AIM OF THE EXERCISE →
What is needed is an exact transcription of the line containing "風をはらむほどの体が泳ぐフォルム。 さらりとした肌触り。 程よい艶とハリ感。" and every line after it through the end of the entries below, with no pictures.

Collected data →
+===+
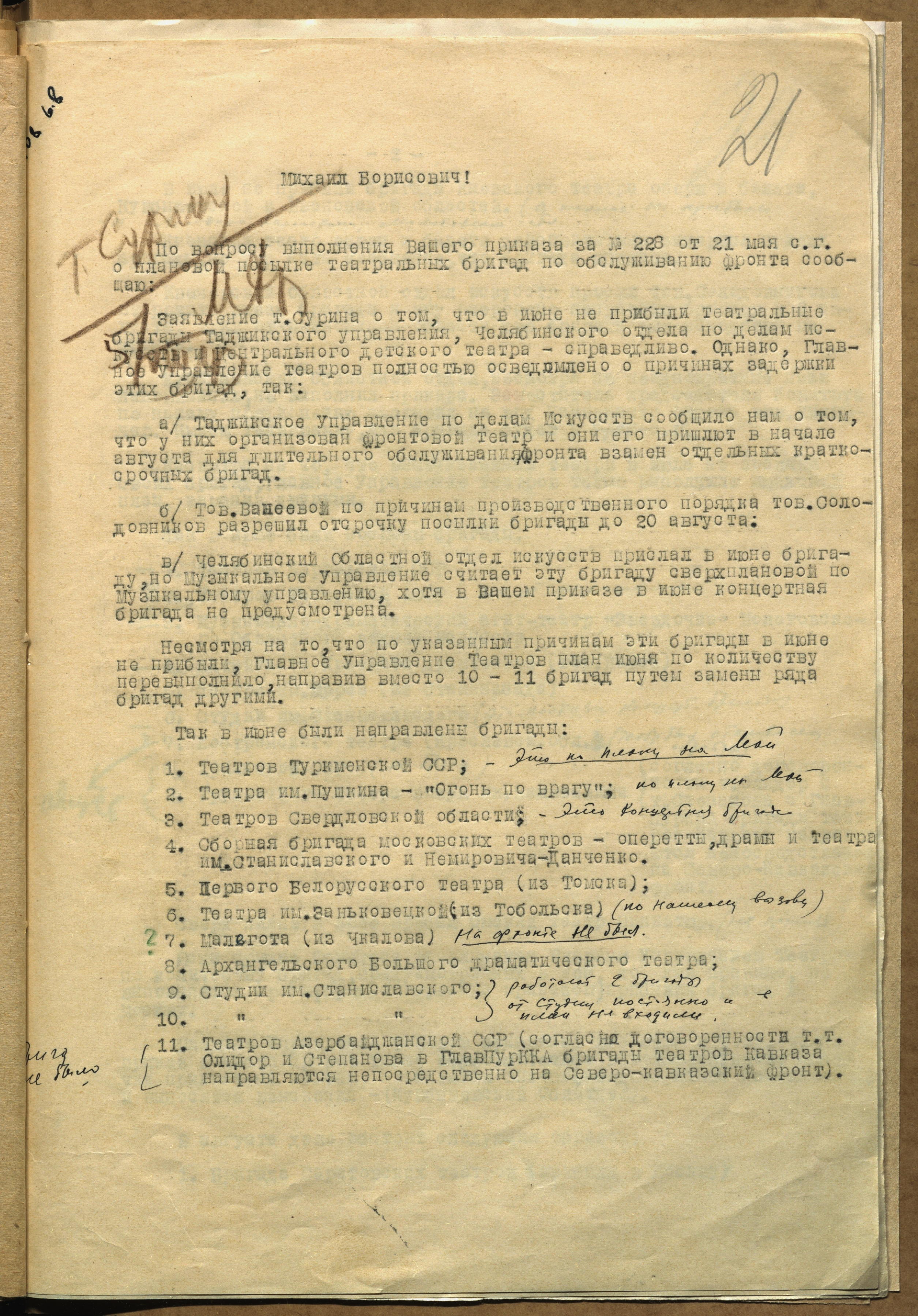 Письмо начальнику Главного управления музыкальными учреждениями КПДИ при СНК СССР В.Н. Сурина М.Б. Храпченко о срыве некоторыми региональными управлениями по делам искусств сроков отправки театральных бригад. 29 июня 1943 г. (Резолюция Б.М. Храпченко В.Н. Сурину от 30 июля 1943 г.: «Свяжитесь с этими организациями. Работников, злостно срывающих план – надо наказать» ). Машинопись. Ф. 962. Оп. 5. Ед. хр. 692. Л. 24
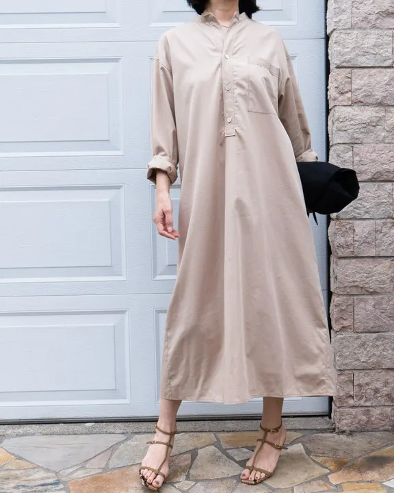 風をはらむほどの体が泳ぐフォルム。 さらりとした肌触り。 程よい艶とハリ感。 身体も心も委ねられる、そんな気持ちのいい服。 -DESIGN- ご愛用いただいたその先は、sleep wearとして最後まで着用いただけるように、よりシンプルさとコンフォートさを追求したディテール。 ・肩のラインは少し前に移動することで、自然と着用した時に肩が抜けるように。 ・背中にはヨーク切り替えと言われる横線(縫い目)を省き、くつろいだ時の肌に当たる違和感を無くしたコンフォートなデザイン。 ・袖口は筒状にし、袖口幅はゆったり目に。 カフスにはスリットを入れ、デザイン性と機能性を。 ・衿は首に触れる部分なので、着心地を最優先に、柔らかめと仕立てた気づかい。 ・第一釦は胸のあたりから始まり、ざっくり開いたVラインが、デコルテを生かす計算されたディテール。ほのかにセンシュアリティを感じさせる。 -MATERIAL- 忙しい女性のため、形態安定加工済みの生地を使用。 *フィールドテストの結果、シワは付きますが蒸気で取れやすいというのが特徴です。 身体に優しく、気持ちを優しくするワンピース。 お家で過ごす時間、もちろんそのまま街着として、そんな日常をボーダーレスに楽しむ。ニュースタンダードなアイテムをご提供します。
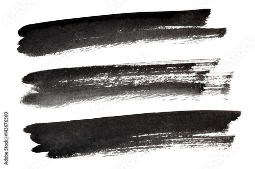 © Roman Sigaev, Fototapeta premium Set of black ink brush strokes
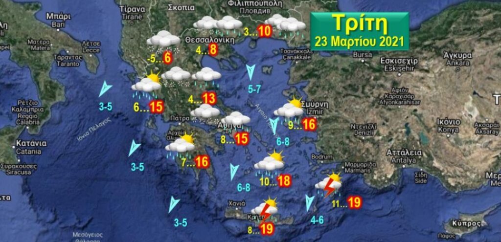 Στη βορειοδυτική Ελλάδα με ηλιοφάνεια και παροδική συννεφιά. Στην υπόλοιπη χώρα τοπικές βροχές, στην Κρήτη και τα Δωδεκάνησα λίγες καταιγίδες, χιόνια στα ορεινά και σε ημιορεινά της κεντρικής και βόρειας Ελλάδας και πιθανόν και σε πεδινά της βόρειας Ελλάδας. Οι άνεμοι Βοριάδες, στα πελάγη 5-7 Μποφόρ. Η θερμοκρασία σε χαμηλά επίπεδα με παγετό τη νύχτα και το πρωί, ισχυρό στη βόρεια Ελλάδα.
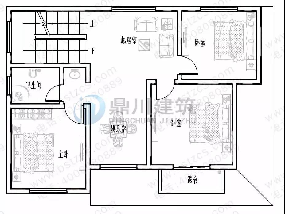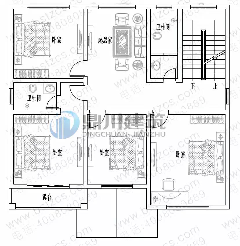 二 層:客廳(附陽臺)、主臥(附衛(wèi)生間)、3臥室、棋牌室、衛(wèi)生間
+===+
EXERCISE ANSWER →
 風をはらむほどの体が泳ぐフォルム。 さらりとした肌触り。 程よい艶とハリ感。 身体も心も委ねられる、そんな気持ちのいい服。 -DESIGN- ご愛用いただいたその先は、sleep wearとして最後まで着用いただけるように、よりシンプルさとコンフォートさを追求したディテール。 ・肩のラインは少し前に移動することで、自然と着用した時に肩が抜けるように。 ・背中にはヨーク切り替えと言われる横線(縫い目)を省き、くつろいだ時の肌に当たる違和感を無くしたコンフォートなデザイン。 ・袖口は筒状にし、袖口幅はゆったり目に。 カフスにはスリットを入れ、デザイン性と機能性を。 ・衿は首に触れる部分なので、着心地を最優先に、柔らかめと仕立てた気づかい。 ・第一釦は胸のあたりから始まり、ざっくり開いたVラインが、デコルテを生かす計算されたディテール。ほのかにセンシュアリティを感じさせる。 -MATERIAL- 忙しい女性のため、形態安定加工済みの生地を使用。 *フィールドテストの結果、シワは付きますが蒸気で取れやすいというのが特徴です。 身体に優しく、気持ちを優しくするワンピース。 お家で過ごす時間、もちろんそのまま街着として、そんな日常をボーダーレスに楽しむ。ニュースタンダードなアイテムをご提供します。
 © Roman Sigaev, Fototapeta premium Set of black ink brush strokes
 Στη βορειοδυτική Ελλάδα με ηλιοφάνεια και παροδική συννεφιά. Στην υπόλοιπη χώρα τοπικές βροχές, στην Κρήτη και τα Δωδεκάνησα λίγες καταιγίδες, χιόνια στα ορεινά και σε ημιορεινά της κεντρικής και βόρειας Ελλάδας και πιθανόν και σε πεδινά της βόρειας Ελλάδας. Οι άνεμοι Βοριάδες, στα πελάγη 5-7 Μποφόρ. Η θερμοκρασία σε χαμηλά επίπεδα με παγετό τη νύχτα και το πρωί, ισχυρό στη βόρεια Ελλάδα.
 二 層:客廳(附陽臺)、主臥(附衛(wèi)生間)、3臥室、棋牌室、衛(wèi)生間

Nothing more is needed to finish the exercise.